Ed Crook, VP Strategy & Operations, DeepL:
“2026 will be make-or-break for many financial services providers. In a competitive market, the edge goes to providers who adopt useful AI to cut through inefficient workflows. In this sector, where every interaction is highly regulated and reputational risk is acute, businesses need the right tools for the job. This includes data protection, account security, compliance, IT ops and customer service – keeping fundamental lines of communication open and effective. These are all areas where AI is already solving critical problems.
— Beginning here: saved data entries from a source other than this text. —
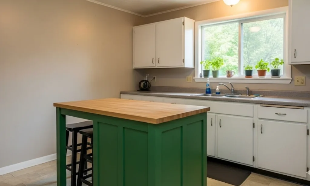 A useful kitchen island doesn’t have to break the bank. You can create a custom-appearing centerpiece by beginning with an affordable base cabinet, often found on clearance. Frame it to your desired size, clad it in an inexpensive material, and paint it a bold color for a striking focal point, ideal for a small, budget kitchen design or any compact area.
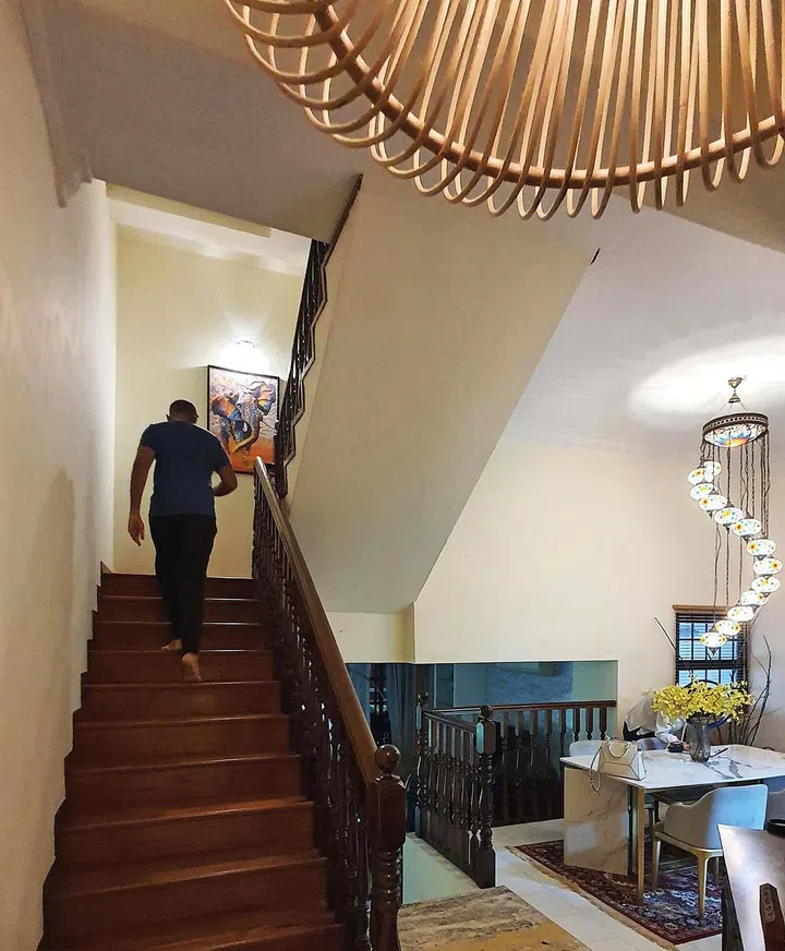 Before: The former bulky wooden balustrades along the staircase were replaced with metallic wires, allowing light to flow in.
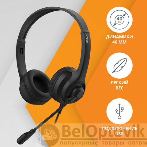 Наушники с микрофоном (гарнитура) A4TECH HU-8, проводные, 2 м, USB, черные, 1874958
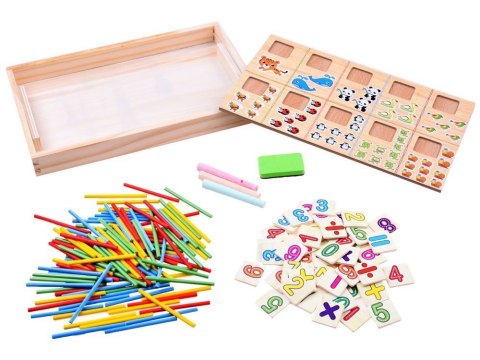 Edukacyjny zestaw do nauki matematyki sprawdzi się podczas pierwszych matematycznych kroków. Zestaw w całości wykonany jest z drewna, w formie zamykanego pudełeczka. Jedna strona zasuwy jest przeznaczona do pisania kredą, druga strona to obrazki ze zwierzątkami i cyferkami.
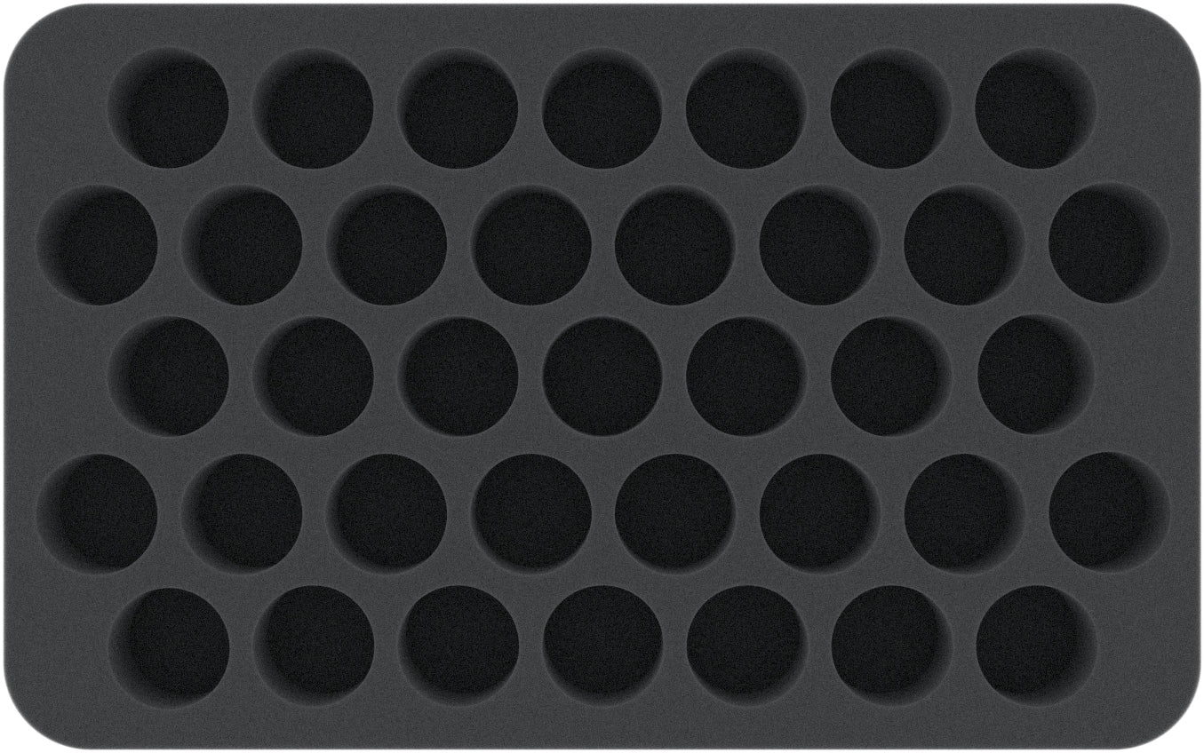 This Half-Size foam tray is divided into 37 compartments of the same size. The round compartments are particularly suitable for protecting small figures for various board games and tabletop systems.
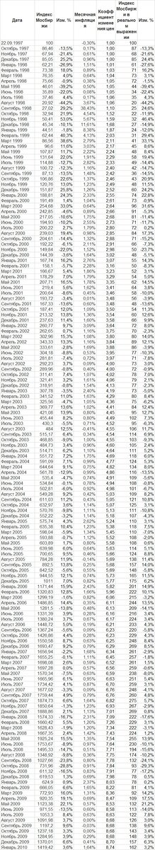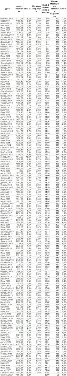 Получили достаточно ненаглядные таблицы из которых можем посмотреть данные за всю историю индекса Мосбиржи. Примечательно, что инфляционный коэффициент за это время составил почти 21, т.е. цены с сентября 1997 по октябрь 2022 увеличились в 21 раз.
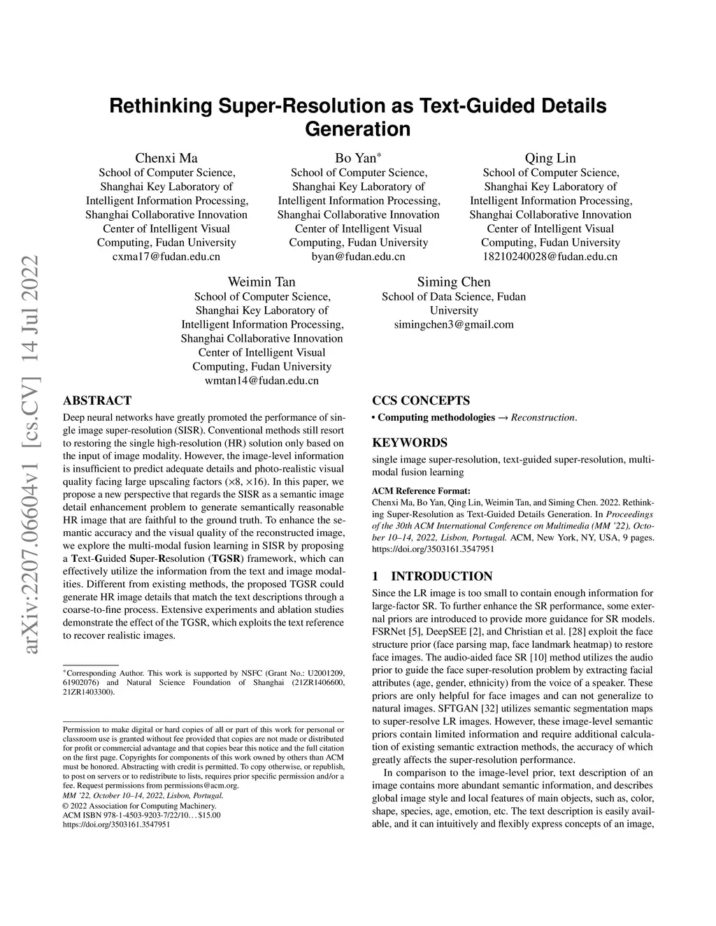 Deep neural networks have greatly promoted the performance of single image super-resolution (SISR). Conventional methods still resort to restoring the single high-resolution (HR) solution only based on the input of image modality. However, the image-level information is insufficient to predict adequate details and photo-realistic visual quality facing large upscaling factors (x8, x16). In this paper, we propose a new perspective that regards the SISR as a semantic image detail enhancement problem to generate semantically reasonable HR image that are faithful to the ground truth. To enhance the semantic accuracy and the visual quality of the reconstructed image, we explore the multi-modal fusion learning in SISR by proposing a Text-Guided Super-Resolution (TGSR) framework, which can effectively utilize the information from the text and image modalities. Different from existing methods, the proposed TGSR could generate HR image details that match the text descriptions through a coarse-to-fine process. Extensive experiments and ablation studies demonstrate the effect of the TGSR, which exploits the text reference to recover realistic images.

“AI is fast becoming the connective tissue of international finance, and this trend will continue in 2026, particularly in customer engagement and operational support. Our FS research found that over a third (37%) of client interactions in UK finance already involve AI. Over half (52%) use AI for multilingual translation, the top use case, directly addressing linguistic fragmentation. Moving into the new year, Language AI will be a key practical tool for financial services firms. But these companies first need to iron out their strategy around AI integration. Staff will inevitably look for workarounds if the tools provided don’t meet their needs. This is why companies need to get ahead by providing secure, fit-for-purpose solutions. By building a collaborative approach between IT and frontline teams, and avoiding pitfalls around shadow AI, financial service firms can maintain a unified, strategy approach to AI deployment, protecting against cybersecurity threats, while still realising the full benefits of trusted AI.”
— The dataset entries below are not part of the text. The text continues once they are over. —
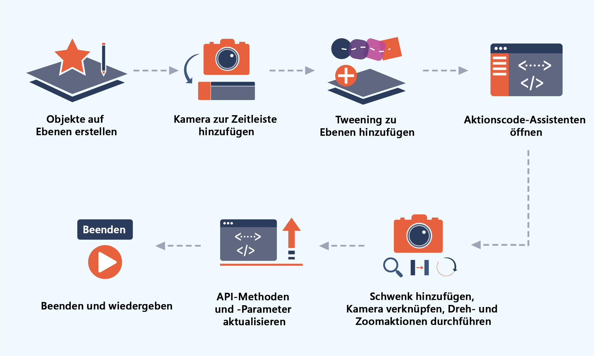 Die detaillierte Vorgehensweise für das Erstellen von Animationen mit einer interaktiven Kamera wird im folgenden Diagramm dargestellt. Sie können den Aktionscode-Assistenten in HTML Canvas-Dokumenten verwenden.
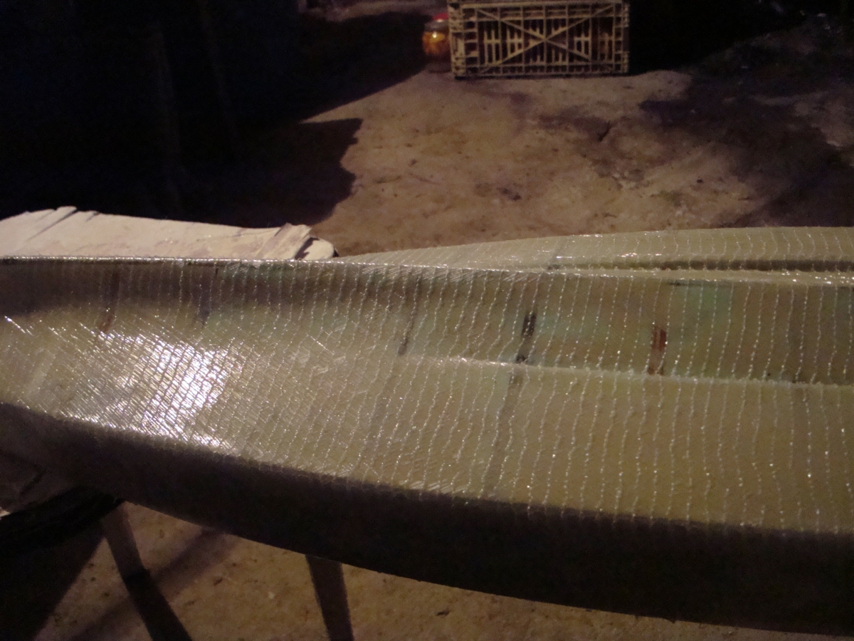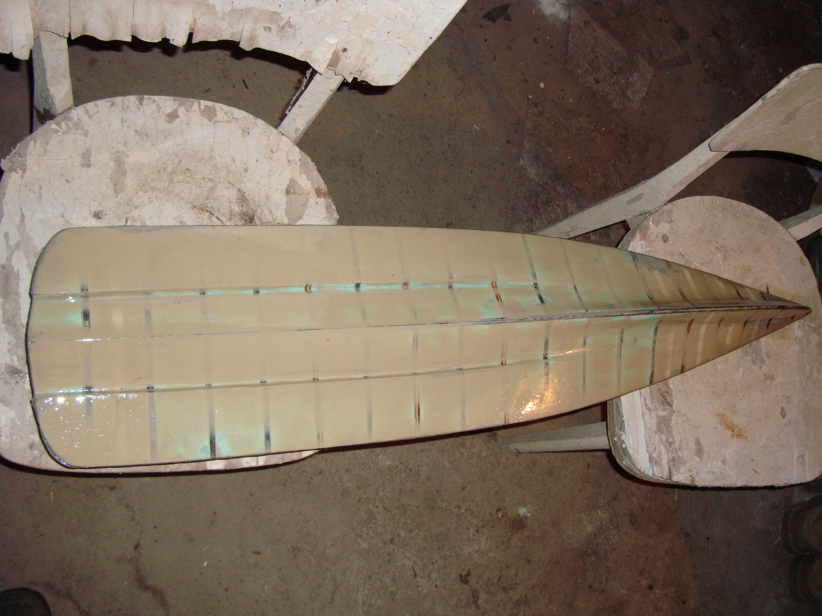 Покрил съм модела с прахов мат 150г/кв.м и епоксидна смола Летоксит 227. Все още не съм решил дали да ламинирам и дъното. Там кита е в повечко и е кораво, а и мисля, че се получи добре формата и почти няма нужда от повече работа. Страните обаче ще ги попроменя, особено в зоната около носа, защото при сегашната форма не съм 100% сигурен дали модела ще се отдели както трябва от матрицата. На по-долната снимка се вижда частично изшкурената горна част на модела и непокритото дъно. Най-вероятно ще обмажа цялата повърхност на модела със смола, оцветител и тиксотроп, за да имам стабилна и що-годе гладка основа за по-нататъшното полиране, както и за да мога да следя докъде да шкуря.
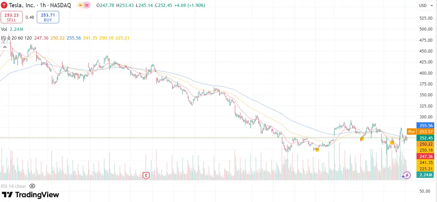 在特朗普的「代言」下,特斯拉股价周二盘中回升,截至收盘上涨 3.79% 。

Jeppe Rindom, CEO and Co-Founder, Pleo:
“Automation and “agentification” will redefine the fintech landscape. Most of what’s considered operational today will be handled by intelligent systems, from finance ops to customer support. That playing field will level and expectations will rise.
“To stand out, companies will need to inject identity – the one thing only humans can create. That could be through exceptional product design and user experience, considered use of human touchpoints where emotion and trust matter most, or the depth in which problems are solved for customers, not just how fast they can be solved.
“As the average becomes automated, greatness will come from creativity, clarity and crafting products and experiences that still feel unmistakably human.”
What’s on the horizon for financial services?
With 2026 well underway, financial services is moving decisively from reaction to reinvention. The firms that pull ahead will be those that treat resilience as a design principle, use intelligent automation to strengthen operations, and adapt their service models to a more demanding, always-on world.
The next era of finance will be defined by trust, modernisation and operational strength, with technology no longer just enabling the business, but underpinning its survival.